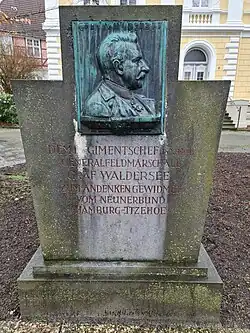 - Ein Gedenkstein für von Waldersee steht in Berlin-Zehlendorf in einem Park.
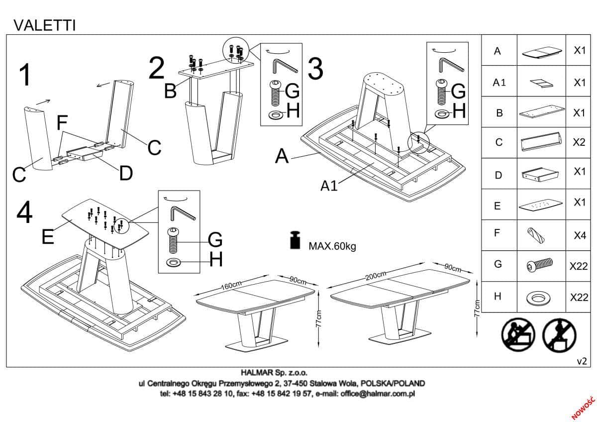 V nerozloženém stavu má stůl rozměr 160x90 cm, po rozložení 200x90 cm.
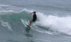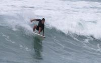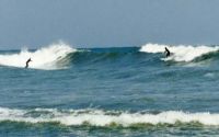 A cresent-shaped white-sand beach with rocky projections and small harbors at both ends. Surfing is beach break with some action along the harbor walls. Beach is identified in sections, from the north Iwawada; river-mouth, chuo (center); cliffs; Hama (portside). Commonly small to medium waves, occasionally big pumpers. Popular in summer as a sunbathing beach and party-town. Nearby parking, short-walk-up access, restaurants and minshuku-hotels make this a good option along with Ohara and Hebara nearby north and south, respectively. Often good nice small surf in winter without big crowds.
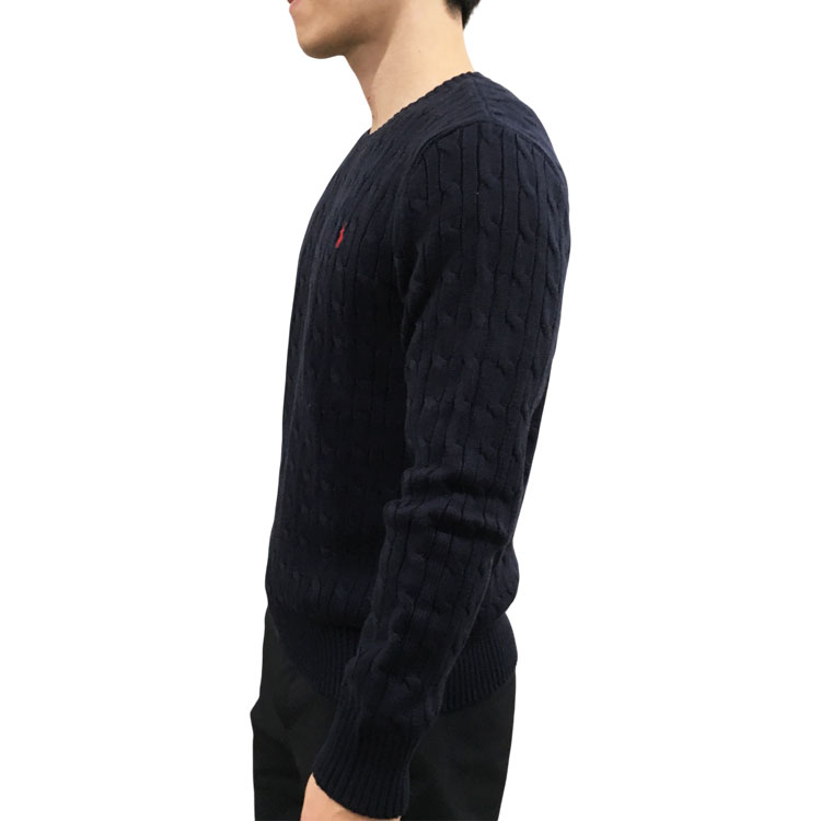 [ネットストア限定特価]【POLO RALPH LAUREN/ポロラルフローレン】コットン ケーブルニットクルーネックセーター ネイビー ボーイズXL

---+---

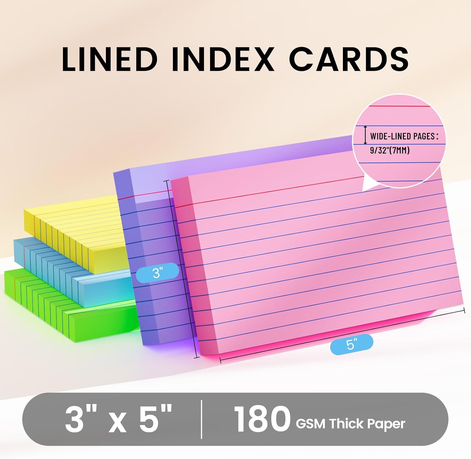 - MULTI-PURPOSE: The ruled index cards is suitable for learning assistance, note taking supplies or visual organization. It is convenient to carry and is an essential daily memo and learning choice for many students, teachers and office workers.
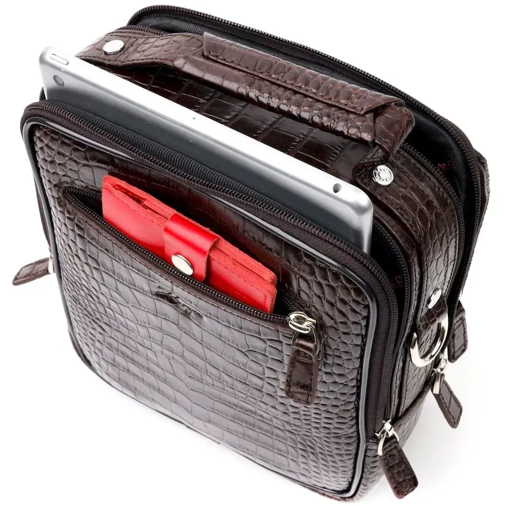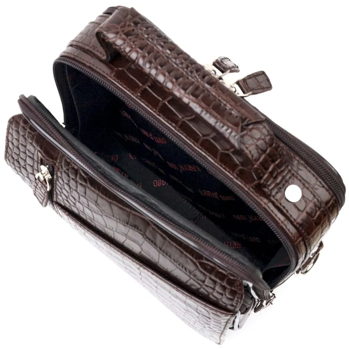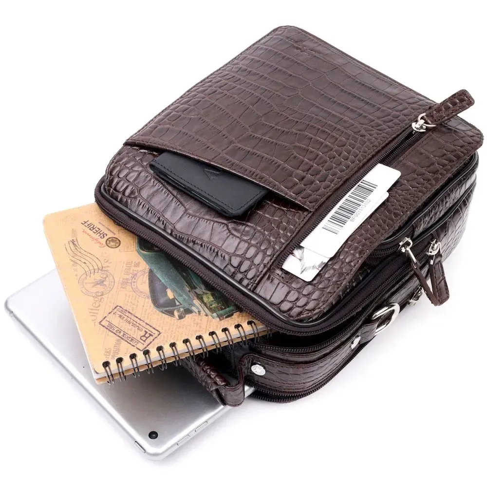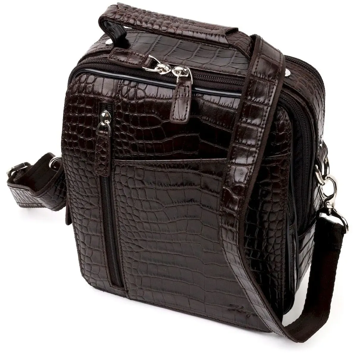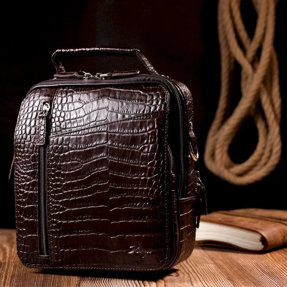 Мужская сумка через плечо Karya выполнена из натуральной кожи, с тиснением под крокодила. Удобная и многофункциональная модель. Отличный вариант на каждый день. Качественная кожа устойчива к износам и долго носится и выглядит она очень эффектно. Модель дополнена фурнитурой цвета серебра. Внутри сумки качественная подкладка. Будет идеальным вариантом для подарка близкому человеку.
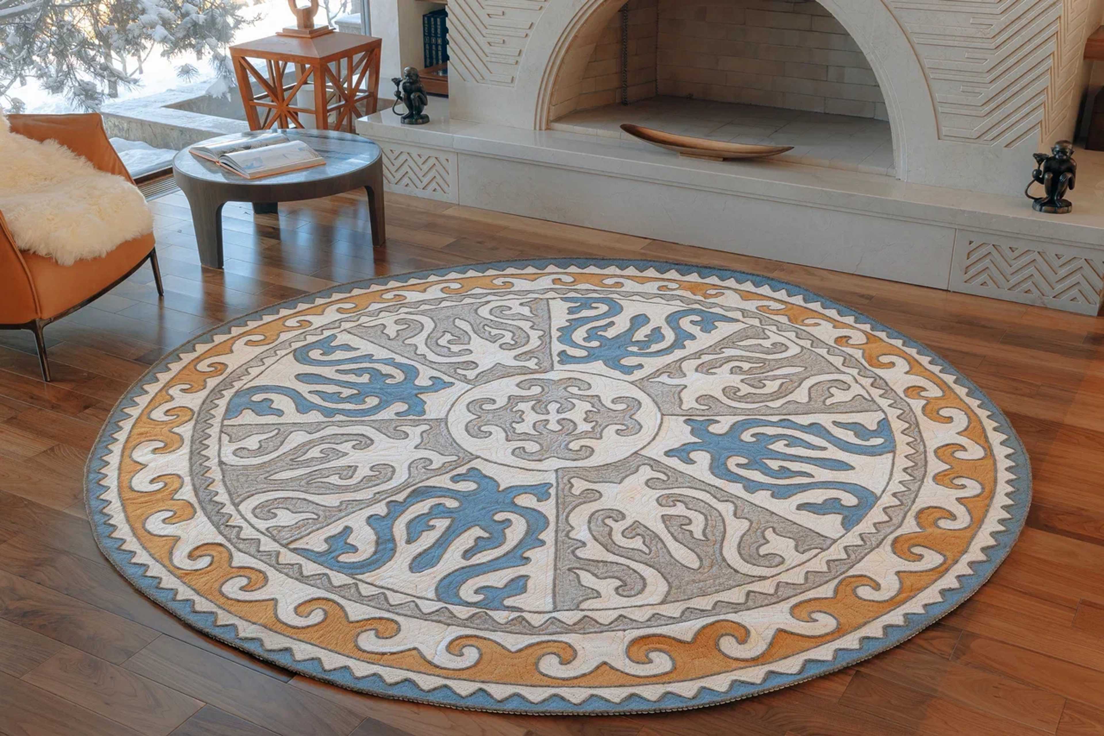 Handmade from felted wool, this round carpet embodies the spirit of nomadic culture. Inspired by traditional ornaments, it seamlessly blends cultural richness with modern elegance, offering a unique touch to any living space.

---+---

Reproduce exactly the lines above starting at the line containing "V nerozloženém stavu" and ending at the line containing "[ネットストア限定特価]【POLO RALPH LAUREN/ポロラルフローレン】コットン", including both, but not the pictures.

 V nerozloženém stavu má stůl rozměr 160x90 cm, po rozložení 200x90 cm.
 A cresent-shaped white-sand beach with rocky projections and small harbors at both ends. Surfing is beach break with some action along the harbor walls. Beach is identified in sections, from the north Iwawada; river-mouth, chuo (center); cliffs; Hama (portside). Commonly small to medium waves, occasionally big pumpers. Popular in summer as a sunbathing beach and party-town. Nearby parking, short-walk-up access, restaurants and minshuku-hotels make this a good option along with Ohara and Hebara nearby north and south, respectively. Often good nice small surf in winter without big crowds.
 [ネットストア限定特価]【POLO RALPH LAUREN/ポロラルフローレン】コットン ケーブルニットクルーネックセーター ネイビー ボーイズXL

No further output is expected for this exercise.